The party moved down the passage into the front room. It was empty, but clean and sunny. There was a window looking on to the tangled front garden.

‘This is the dining room,’ said Hermione. ‘We’ll measure it this way, Rupert—you go down there—’

‘Can’t I do it for you,’ said Gerald, coming to take the end of the tape.

‘No, thank you,’ cried Hermione, stooping to the ground in her bluish, brilliant foulard. It was a great joy to her to DO things, and to have the ordering of the job, with Birkin. He obeyed her subduedly. Ursula and Gerald looked on. It was a peculiarity of Hermione’s, that at every moment, she had one intimate, and turned all the rest of those present into onlookers. This raised her into a state of triumph.

They measured and discussed in the dining–room, and Hermione decided what the floor coverings must be.

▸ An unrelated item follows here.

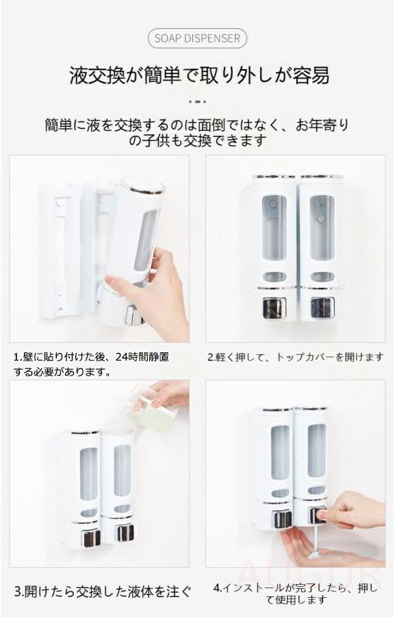 ◆マグネット式ソープディスペンサーが進化して再登場! 水垢・ぬめりとはもうサヨナラ、バスルームを清潔に保ちます 1プッシュが少量だから、髪の長さに合わせて調節がしやすく、ご家族で使う方にもおすすめです。

It sent her into a strange, convulsed anger, to be thwarted. Birkin always let her have her way, for the moment.

Then they moved across, through the hall, to the other front room, that was a little smaller than the first.

‘This is the study,’ said Hermione. ‘Rupert, I have a rug that I want you to have for here. Will you let me give it to you? Do—I want to give it you.’

‘What is it like?’ he asked ungraciously.

‘You haven’t seen it. It is chiefly rose red, then blue, a metallic, mid–blue, and a very soft dark blue. I think you would like it. Do you think you would?’

‘It sounds very nice,’ he replied. ‘What is it? Oriental? With a pile?’